DeepSeek-V3: A demo for running the DeepSeek-V3 model with Expert Kit, showcasing the framework's capabilities in handling large-scale MoE models.
Qwen3-30B-A3B: A demo for running the Qwen3-30B-A3B model with Expert Kit, showcasing the framework's capabilities in handling real-world MoE models.

Key Features

Low-Cost Deployment: supports distributed and mixed GPUs and CPUs.
Fine-Grained Expert-Level Scalability: provides independent scaling of attention and experts, with dynamic scaling of hot experts on demand

Performance

Model	Throughput (tokens/s)	Environment
DeepSeek-V3 671B W8A16	14.26	1xNvidia 4090(24G) + 5xAMD EPYC 7302
Qwen3-MoE-30B FP16	36.38	1xNvidia A10(24G) + 1xAMD EPYC 7302 + 1xKunpeng 920

Repository Map

ek-computation: performs schedule(frontend) and computation(backend) task.
ek-db: supports registering and loading experts' weight in fine-grained granularity.
ek-benchmark: contains several micro-benchmarks help you know the performance.
ek-solution: contains several recipes to quickly setup a running cluster.

Roadmap

Core Features

Frontend for request schedule
- Simple Executor
- Extensible Executor
- Schedule Interface
Backend compute engine for expert computation
- pytorch
- onnxruntime
- candle
Integration with existing framework for attention computation
- pytorch
- vLLM
Transport channel between frontend and backend
- gRPC
- RDMA
- DSM

Contact Us

If you have any questions, please join our discussion at https://expert-kit.zulipchat.com/ or post new issues.

License Agreement

Primary License: This project as a whole is licensed under the GNU GPL 3.0.
Third-Party Components:
- Licenses and copyright notices for third-party components are located alongside the component code directory.
- The following components are included:
  - DeepSeek-V3 (Code/Complementary Material): Located in ek-integration/expertkit-torch/expertkit-torch/models/deepseek_v3/. This code is licensed under the DeepSeek License Agreement v1.0 and the MIT License.

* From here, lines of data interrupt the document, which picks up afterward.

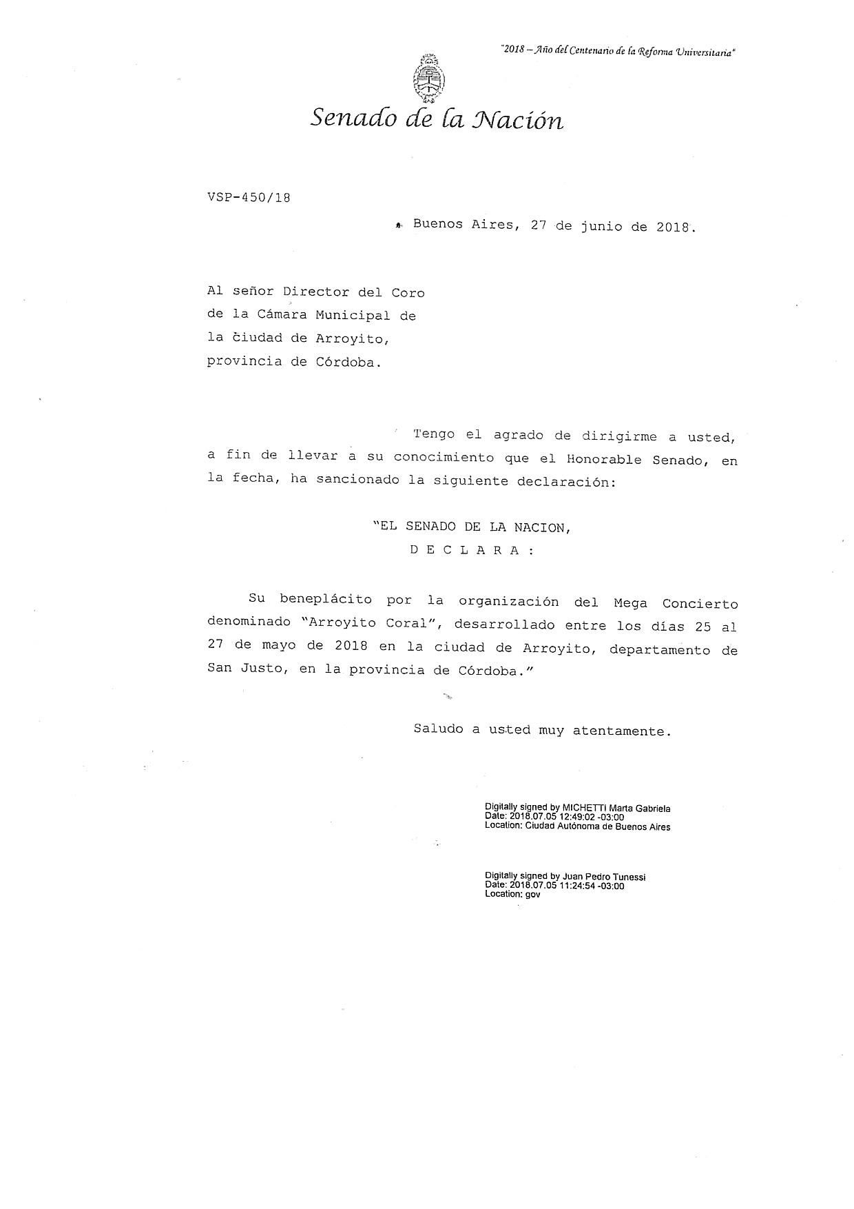 La Municipalidad de la ciudad de Arroyito, informa que días pasados el ejecutivo municipal recibió una Declaración del Senado de la Nación firmado por la Vice-Presidente de la Nación Gabriela Michetti. Dicho documento declara el beneplácito del Senado de la Nación respecto a la organización del 1er. Mega Concierto “Arroyito Coral”, que contó con la visita de los Coros “Sagrada Familia” de Banfield, y “Modelo” de Lomas de Zamora, ambos de la provincia de Buenos Aires, además de las actuaciones del los Coros Infanto Juvenil y de Cámara Municipal, dirigidos por el Profesor Joel Coronel, mentor de este gran evento cultural.
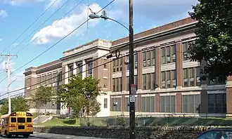 This building was designed by Irwin T. Catharine and built between 1922 and 1924. It is a three-story, seventeen-bay, brick building that sits on a raised basement. Created in the Colonial Revival style, it features a central projecting entrance pavilion of brick and stone, with stone pilasters, and a stone cornice and brick parapet.[2] The school was named for President Theodore Roosevelt.
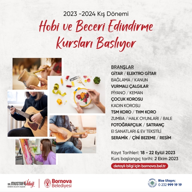 Her yaştan insana hitap eden kurslar, Bornovalılar için sosyalleşme alanı sağlayacak. Hobi ve Beceri Edindirme kursları gitar, elektro gitar, kanun, bağlama, vurmalı çalgılar, piyano, keman, çocuk korosu, kadın korosu, TSM Korosu, THM Korosu, zumba, halk oyunları, bale, fotoğrafçılık, satranç, el sanatları, ev tekstili, seramik, çini bezeme ve resim branşları olmak üzere toplam 21 dalda açılacak.

Please be aware that use of the associated DeepSeek Model is subject to the use restrictions detailed in Attachment A of the DeepSeek License Agreement v1.0.
  - Qwen3-MoE: Located in ek-integration/expertkit-torch/expertkit-torch/models/. This code is licensed under Apache License Version 2.0.
Compliance: All third-party components are used in compliance with their original license terms.